An FBI sting stung 47 reputed members and associates of the Gambino, Luchese, and DeCalvacante organized crime families Jan. 23. They face charges ranging from racketeering to drug dealing. James Kallstrom, head of the FBI's New York office, said his undercover agents had been running a social club in Brooklyn where "mobsters would come to meet and plan details of the criminal activity." Investigators have it all on videotape.
The depravity of man
Two New Jersey teenagers, charged in the shaking and beating death of their newborn son, were freed on bail Jan. 21. Brian Peterson and Amy Grossberg were jailed in mid-November, hours after Miss Grossberg gave birth in a Delaware hotel a few blocks from her college dormitory. The two teens have been fitted with electronic monitoring devices and ordered to stay at their parents' homes. They face charges of first-degree murder. A Pennsylvania man, convicted of trying to push his nine-year-old deaf daughter in front an oncoming truck so he could could collect her life insurance, was sentenced Jan. 21 to multiple prison terms. David Crist also faces charges of trying to electrocute his four-year-old daughter. In Maryland, a 17-year-old boy who admitted stabbing and bludgeoning his sleeping family to death was sentenced to 90 years in prison. Michael Fisher said in a confession that he just "snapped." "It was like I tried to stop, but I couldn't," he said.
Next year, in Jerusalem?
Wearing his trademark khaki uniform and black-and-white kaffiyeh, Palestinian leader Yasser Arafat returned to Hebron in triumph Jan. 19, two days after Israel turned over most of the historically rich West Bank city to Palestinian rule. Mr. Arafat, addressing some 60,000 ecstatic Palestinians from the balcony of the former Israeli military headquarters in Hebron, proclaimed the city "liberated" after 30 years of Israeli occupation stemming from the 1967 Middle East War. "Hebron is a step toward what comes after," he said, "the establishment of our Palestinian state.... We will continue to Jerusalem." As he spoke, however, Israeli Prime Minister Benjamin Netanyahu appeared on American television explaining how he was "forced" into the Hebron deal under agreements signed by Israel's previous Labor government. Now that Hebron has been resolved, he said, Israel is expecting "reciprocity" from the Palestinians--including "annulling the PLO charter that calls for Israel's destruction." As for Mr. Arafat's desire for a Palestinian capital in Arab East Jerusalem, Mr. Netanyahu said: "He can seek all he wants. We are not going to re-divide Jerusalem."
"Misguided and damaging"
Residents of Hong Kong are growing increasingly worried about their future as the July 1 deadline approaches for the British to hand the territory back over to China. On Jan. 19, a Chinese panel in Beijing proposed repealing Hong Kong's bill of rights and issuing restrictions on protests, free association, and privacy. Chris Patten, the territory's British governor, characterized the proposals as "misguided and damaging," and he called on the man who will be Hong Kong's new leader to reject them. But in a Jan. 23 speech, Tung Chee-hwa, a shipping magnate chosen by Beijing to be the territory's first administrator under reestablished Chinese rule, said he supported repeal of the civil rights laws. Individual rights, he said, need to subjugated for "the good of the public at large." Two days later, Beijing hosted the first meeting of its hand-picked Hong Kong legislature. The current legislature, elected under recent reforms that give average citizens greater representation, will be disbanded as soon as China assumes control.
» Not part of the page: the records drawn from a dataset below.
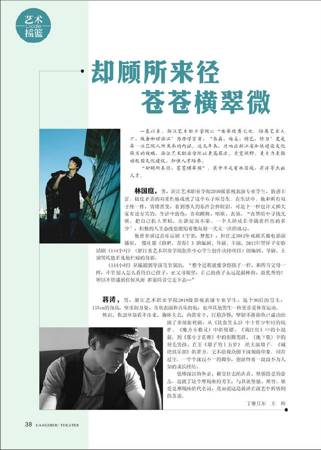 蒋涛,男,浙江省艺术职业学院2010级影视表演专业学生。这个90后的男生,175cm的身高,坚实的身姿,喜欢表演和音乐的他,也和其他男生一样更喜爱体育运动。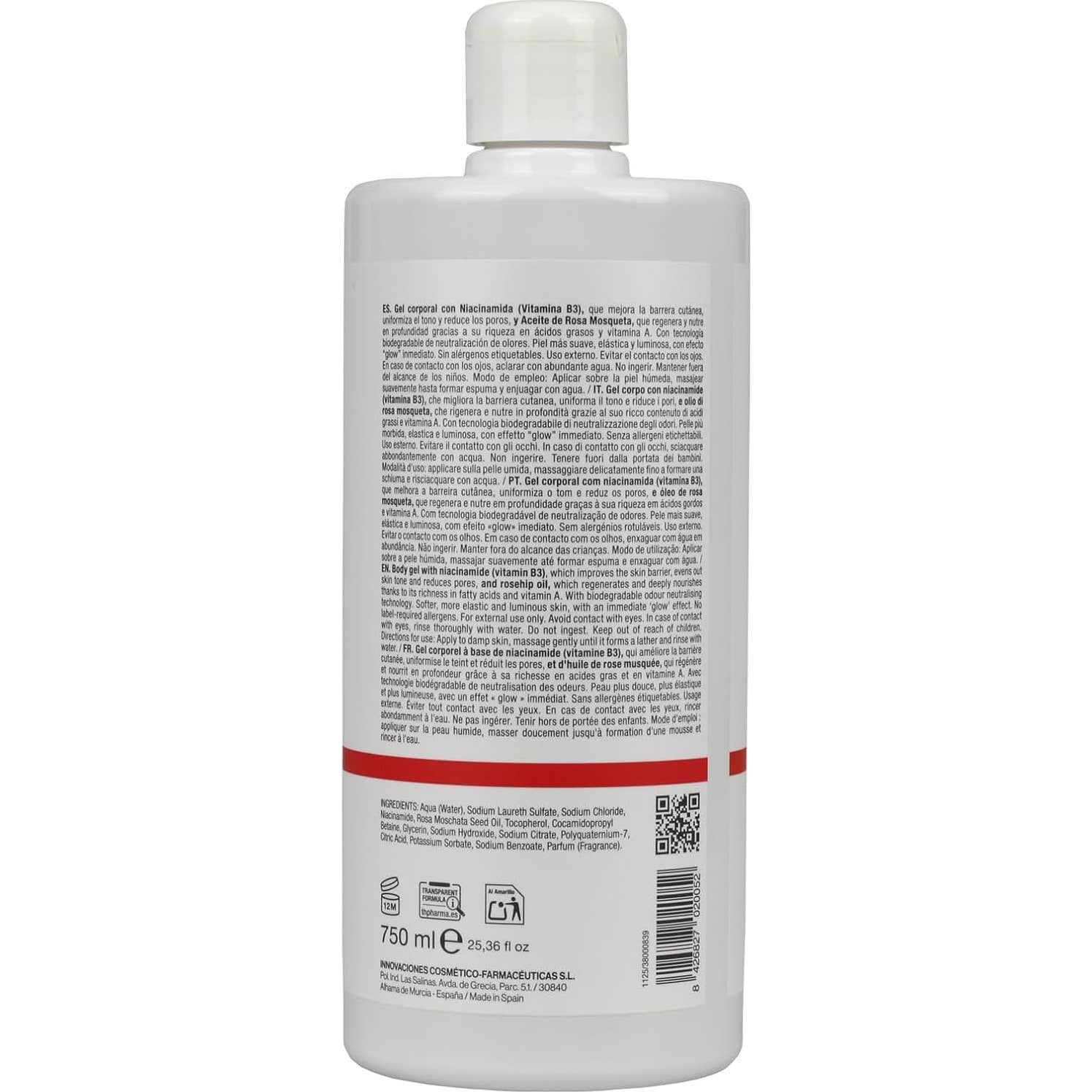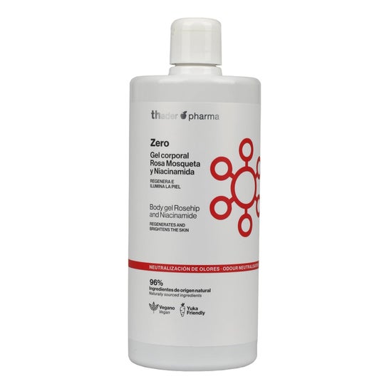 Th Pharma Zero Gel Rosa Mosqueta 750 ml para regenerar e iluminar a pele é um gel de banho para o cuidado corporal diário. Limpa suavemente e nutre em profundidade. Está enriquecido com niacinamida e óleo de rosa mosqueta, pensado para peles que buscam vitalidade e luminosidade.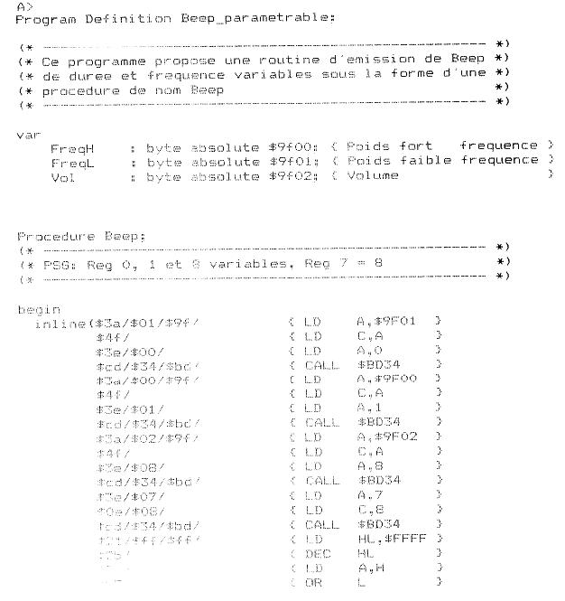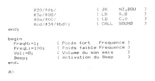4/4.5 - Utilisation du Turbo-Pascal4/4.5.2 Définition de routines sonores Contrairement au Turbo-Pascal implanté sur les IBM PC, la version Amstrad ne contient pas de procédure sonore. Nous allons pallier ce problème en réalisant : — une procédure d'émission de Beep fixe. Cette procédure servira par exemple à indiquer que l'utilisateur a fait une action incorrecte... — une procédure d'émission de Beep paramétrable. Les fréquence et puissance du son émis pourront être choisies à volonté par l'utilisateur. Emission d'un Beep de fréquence fixe Pour réaliser un tel programme, intégrons un court programme écrit en Assembleur dans le programme Pascal en utilisant l'ordre « InLine ». Structure du programme Assembleur Une macro instruction du Firmware des CPC permet de programmer directement les registres du PSG (AY3-8912). Il s'agit de l'instruction MC SOUND REGISTER dont le point d'entrée se trouve en #BD34. (Voir Partie 4, Chap. 2.7). Pour ce qui nous concerne, il suffit de savoir que : — le numéro du registre du PSG à accéder doit être placé dans le registre A avant l'appel ; Un appel à MC SOUND REGISTER se fera donc de la façon suivante : LD A,NR ; No registre à accéder Pour réaliser un Beep. nous utilisons les registres PSG suivants : — registres 0 et 1 pour définir la fréquence du Beep ; Le Beep est émis pendant une durée qui correspond au temps nécessaire pour faire oasser le registre HL de #FFFF à #0000 en opérant une décrémentation unitaire à chaque pas. Le Beep est arrêté en dévalidant le canal A grâce au registre 7 du PSG. Le programme Assembleur d'émission d'un Beep est donc le suivant :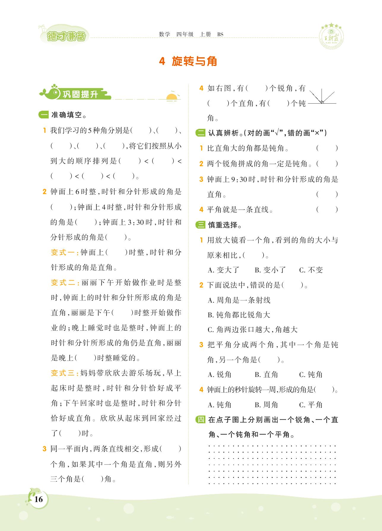 2021上册四年级数学北师版 第二单元 线与角——4 旋转与角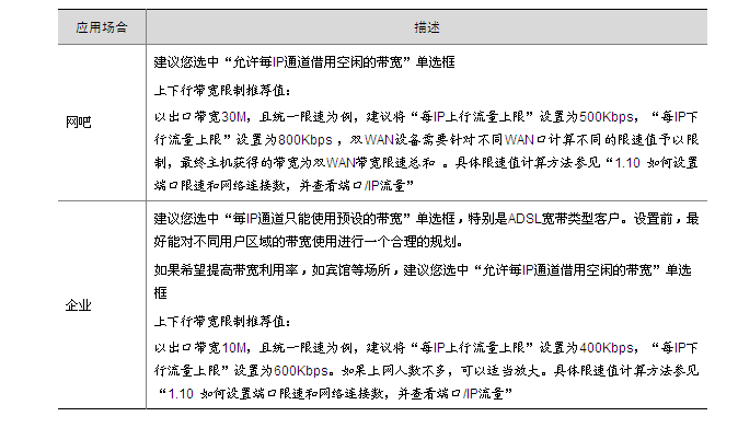 例如運(yùn)營(yíng)商帶寬為10Mbps ,帶機(jī)量100臺(tái)PC ,80的帶寬就是8Mbps ,20的人就是20個(gè)人,那么8Mbps*1000=8000kbps(實(shí)際上應(yīng)該乘以1024,這里簡(jiǎn)單以1000計(jì)算),8000kbps/20=400kbps,則理論值為每IP 需要下行限速400kbps ,上行值為200~300kbps ,當(dāng)然該計(jì)算值是理論值,需要根據(jù)實(shí)際的網(wǎng)絡(luò)使用量來(lái)適當(dāng)變化。如果是ADSL 寬帶類(lèi)型客戶,則上行帶寬建議限制為100kbps ,且不推薦允許每IP 通道借用空閑的帶寬。如果企業(yè)、酒店等環(huán)境,平時(shí)使用網(wǎng)絡(luò)的時(shí)間或者占用的流量不是很大,那么可以適當(dāng)將限速值調(diào)高,如下行600kbps ,上行400kbps ,并開(kāi)啟允許每IP 通道借用空閑的帶寬。如網(wǎng)吧環(huán)境,帶寬使用量較大,則需要增加帶寬或者較少帶機(jī)量來(lái)提高客戶網(wǎng)速的體驗(yàn),保證游戲和視頻的正常工作。網(wǎng)吧一般建議每IP 限速下行800kbps ,上行500kbps ,開(kāi)啟彈性帶寬功能,即允許每IP 通道借用空閑的帶寬。雙WAN 設(shè)備需要針對(duì)不同WAN 口計(jì)算不同的限速值予以限制,最終主機(jī)獲得的帶寬為雙WAN 帶寬限速總和。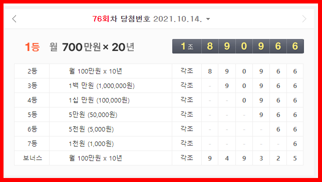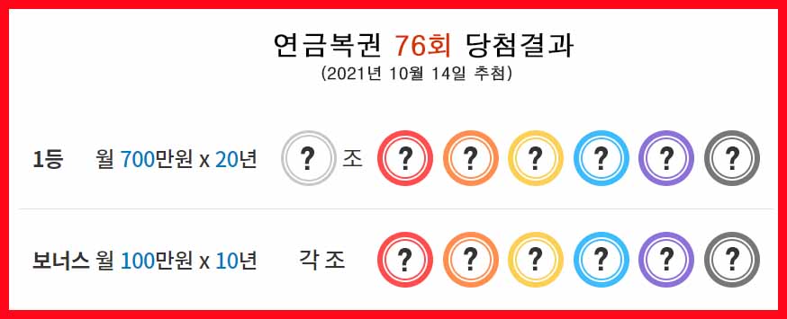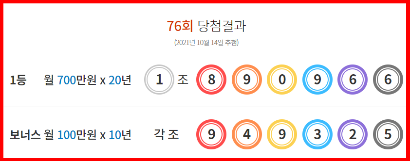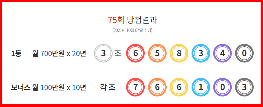 2021.10.07 - [분류 전체보기] - 연금복권 당첨 번호 - 75회 당첨결과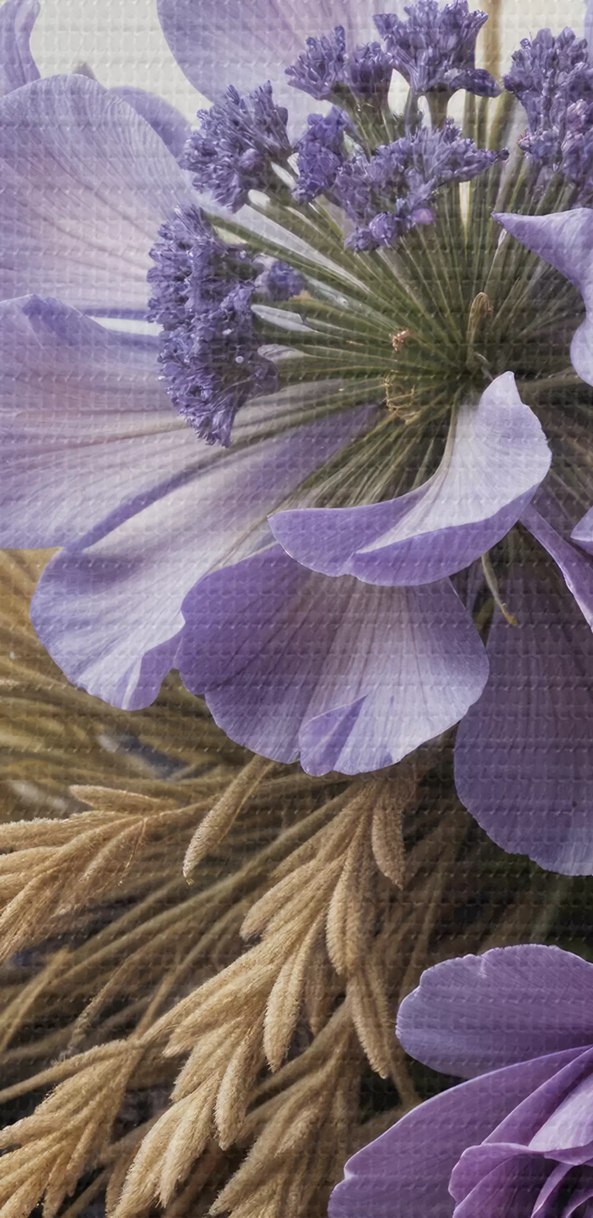 Pilt Lillade lillede kimp, sealhulgas pojengid ja lavendel, heledal taustal nisuvarred s40030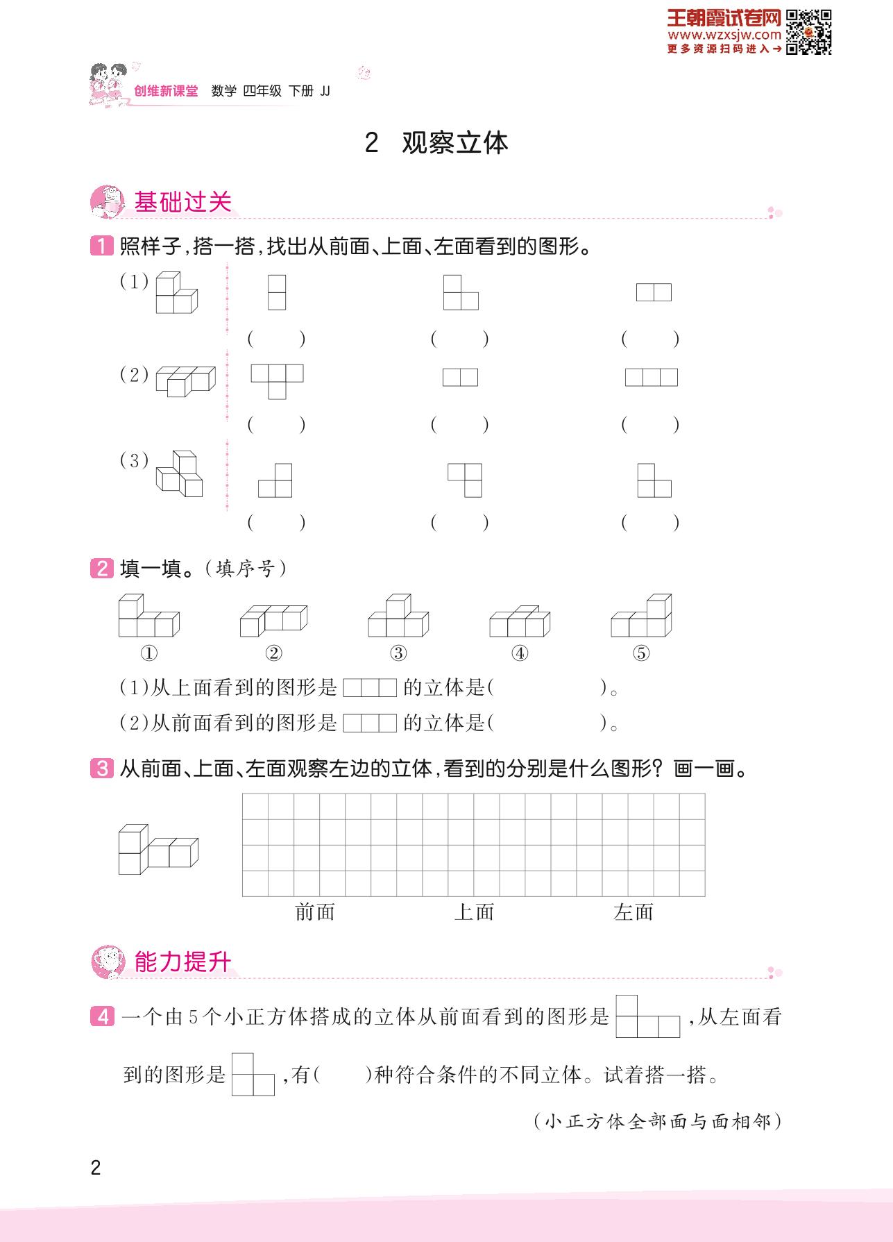2023下册四年级数学冀教版 一 观察物体(二)——2 观察立体

Elementary, my dear Yeltsin
In Russia, an ailing President Boris Yeltsin survived a parliamentary attempt to oust him from power, but Yeltsin opponents say they will try again. Mr. Yeltsin, who underwent heart surgery late last year, is now recovering from what his doctors say is "an elementary case of pneumonia." Viktor Ilyukhin, a hard-line Communist Party member who sponsored the resolution calling for Mr. Yeltsin to step down, complained that "the president has been to the Kremlin only four times over the last eight months."
Floating temple
American balloonist Steve Fossett, hoping to circle the world nonstop, didn't make it--but before being forced down by a lack of fuel he did break the record for the longest time aloft in a balloon. The 52-year-old securities trader, who took off from St. Louis Jan. 13, touched down a week later in Nunkhar, India. Some villagers mistook the balloon for a floating temple and thought Mr. Fossett was a human incarnation of their monkey god, Hanuman.
Please wait while we load the latest comments...
Comments
Please register, subscribe, or log in to comment on this article.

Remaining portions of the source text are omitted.